DIY
Bringing Soil Animals to Life
How can we involve and educate people as to the wonders of life in the soil? While we have filmed every other frontier, our earth has been impenetrable.
How can we bring the animals in the soil to life? Here is the proper gear for extarcting small soil creatures. They are called Tullgren Funnels. However these would cost about £500 So thought I'd do it on the cheap..
When trying to explain to some youngsters around the house, I picked up a lump of soil, and said: "Inside this, there are lots of little animals which I can show you. If I can get these creatures to move out of the soil I can show you what they look like" There are thanks to several people for helping me to overcome some challenges - Keith for getting the creatures onto tissue, Nancy for tin can idea, and Rob for suggesting to strap digital microscope to binocular microscope.
Recipe
Ingredients
Any lump of soil whether cold of clay, leaf litter or lump of lawn..
Empty bottle 2 litre cola
Tin can
1 Light Bulb 50-100 watt, NOT energy saving! You need an old one that throws off some heat.
Water
Binocular Microscope (£100) , or 20-200X digital microscope that show on PC screens £20+)
Retort Stand (or just put upturn the Cola bottle in a jam jar) to hold Cola bottle.
Gauze, either metal or cotton
Method
1. Use a tin can as a little auger (soil sampler). Cut off both ends (some cans netter to remove both ends cleanly.
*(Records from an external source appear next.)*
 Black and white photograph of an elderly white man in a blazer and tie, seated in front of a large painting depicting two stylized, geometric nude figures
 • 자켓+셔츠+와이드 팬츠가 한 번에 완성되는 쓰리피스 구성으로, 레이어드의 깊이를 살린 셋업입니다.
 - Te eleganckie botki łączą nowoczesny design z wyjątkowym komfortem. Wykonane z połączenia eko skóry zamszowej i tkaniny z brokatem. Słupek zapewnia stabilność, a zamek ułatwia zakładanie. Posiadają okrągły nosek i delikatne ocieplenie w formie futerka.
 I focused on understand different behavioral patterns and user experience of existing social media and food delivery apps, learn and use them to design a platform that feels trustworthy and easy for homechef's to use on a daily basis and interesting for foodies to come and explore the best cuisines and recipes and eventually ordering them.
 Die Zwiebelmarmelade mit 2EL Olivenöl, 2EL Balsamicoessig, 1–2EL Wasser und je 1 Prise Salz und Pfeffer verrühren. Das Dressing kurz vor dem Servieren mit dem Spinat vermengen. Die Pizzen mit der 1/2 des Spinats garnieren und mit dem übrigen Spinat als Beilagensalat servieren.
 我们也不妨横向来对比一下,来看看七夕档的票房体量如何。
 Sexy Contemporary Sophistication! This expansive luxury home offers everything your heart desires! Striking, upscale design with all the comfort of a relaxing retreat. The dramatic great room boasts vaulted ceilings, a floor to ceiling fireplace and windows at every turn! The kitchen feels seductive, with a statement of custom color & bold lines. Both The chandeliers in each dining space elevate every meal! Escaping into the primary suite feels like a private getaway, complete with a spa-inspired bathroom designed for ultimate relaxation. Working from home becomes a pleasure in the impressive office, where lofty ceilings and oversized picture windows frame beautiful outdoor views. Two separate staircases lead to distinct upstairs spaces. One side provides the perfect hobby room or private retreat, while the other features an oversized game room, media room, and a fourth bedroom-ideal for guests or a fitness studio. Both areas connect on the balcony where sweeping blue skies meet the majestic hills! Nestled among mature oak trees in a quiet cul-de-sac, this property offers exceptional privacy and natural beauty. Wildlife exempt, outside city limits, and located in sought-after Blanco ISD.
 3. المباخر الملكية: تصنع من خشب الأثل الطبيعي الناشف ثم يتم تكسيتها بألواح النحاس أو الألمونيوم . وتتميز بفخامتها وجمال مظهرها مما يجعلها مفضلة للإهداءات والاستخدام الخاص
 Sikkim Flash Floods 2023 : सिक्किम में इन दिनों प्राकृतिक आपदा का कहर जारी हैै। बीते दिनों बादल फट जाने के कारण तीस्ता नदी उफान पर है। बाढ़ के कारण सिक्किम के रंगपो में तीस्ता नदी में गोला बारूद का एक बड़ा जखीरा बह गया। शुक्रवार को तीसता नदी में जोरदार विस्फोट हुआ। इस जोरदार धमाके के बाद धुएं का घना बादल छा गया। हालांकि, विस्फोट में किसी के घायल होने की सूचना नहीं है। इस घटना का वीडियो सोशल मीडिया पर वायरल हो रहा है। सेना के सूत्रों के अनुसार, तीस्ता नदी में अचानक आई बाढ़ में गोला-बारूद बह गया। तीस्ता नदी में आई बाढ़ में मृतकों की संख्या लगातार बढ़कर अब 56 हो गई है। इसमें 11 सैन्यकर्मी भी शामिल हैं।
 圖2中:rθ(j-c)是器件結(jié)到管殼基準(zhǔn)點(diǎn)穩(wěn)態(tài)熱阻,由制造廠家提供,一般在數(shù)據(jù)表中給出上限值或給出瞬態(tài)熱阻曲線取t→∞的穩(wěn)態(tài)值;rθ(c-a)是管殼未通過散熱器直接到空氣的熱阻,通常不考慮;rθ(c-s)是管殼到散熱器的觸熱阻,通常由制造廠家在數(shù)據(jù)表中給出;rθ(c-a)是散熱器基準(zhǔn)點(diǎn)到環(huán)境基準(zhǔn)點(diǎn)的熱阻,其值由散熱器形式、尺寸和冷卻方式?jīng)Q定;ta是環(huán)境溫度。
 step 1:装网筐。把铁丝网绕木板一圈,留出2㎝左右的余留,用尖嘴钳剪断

Push it into the ground as you want to sample down about 2 inches. Swirl tin round with your hands to sever sample from rest of soil. Pull this out of the ground, then push the clod to the other end of the can. Now, what was the surface is showing from the bottom of the can. Put some cotton gauze over the end with the soil surface and tape it on. Then put into this...
2. Extraction Apparatus. Cut a large cola bottle horizontally in half. Tip it upside down so the cap is at the bottom and arrange a
way to hold it steady - like the jam jars here and retort stand. Upturn the tin can so that the soil surface is now face down. Put an old fashioned bulb about 2 inches above. The tin can is important to hold the soil, as it conducts heatr away and allows a temperature gradient from top to bottom to build up. It is that temperature difference that drives the arthropods away from the heat, down tohe bottle and into th vials with water below.
3. Put light on for several days. I used to do this with 60 funnels for a week or two on end, and never worry about the electrics and possibility of of a fire. Now I am careful to leave one bulb on overnight. The creatures come out at different rates. If you can measure the temperature, you could do with 40+ on the surface and a 10 degree difference from top to bottom.
4. The vials hold the creatures for a few days. Use the endoscope microscope to look into the vial to see what is going on the surface of the water. The miniscus holds the creatures together. When you are ready, pour out the contents on to a tissue in a petri dish
Use a (20-200X digital microsope) - where you can view the image on screen. It is easier to stay in focus, and move the paper round. And the creatures walk around much more like they are in the soil, some burrowing through, others climbing over ridges. And they are colour, so very much more like the conditions in which they live, and we can see them move as they would in the soil.
Have a look at sample No 1, and 2 based on the extraction process described above, collected on the first day.
First to arrive are springtails, a few days later the oribatid mites appear. There are different stages in their life going from nymphs to hard nut adults, which eat into leaves. The Soil Report 2007 by CS noted that "highest catches of mites were found in plots at which rainforest was highest, while springtails favoured lower rainfall plots" and "Highest mite/ springtail ratios were found in habitats that are associated with high rainfall". (8.3.4)
Taking the kit to Todmorden
Present
This is what home soil lab looks like..
Let sit 1-3 days to allow the nematodes to crawl out of the soil. Make sure the sample stays in contact with the water - do not let the dish become dry. Covering the dish with plastic wrap or foil will help prevent drying. This tells us something about nematodes - that they cannot exist outside water. Except when they make cysts, which withstand all sorts of conditions.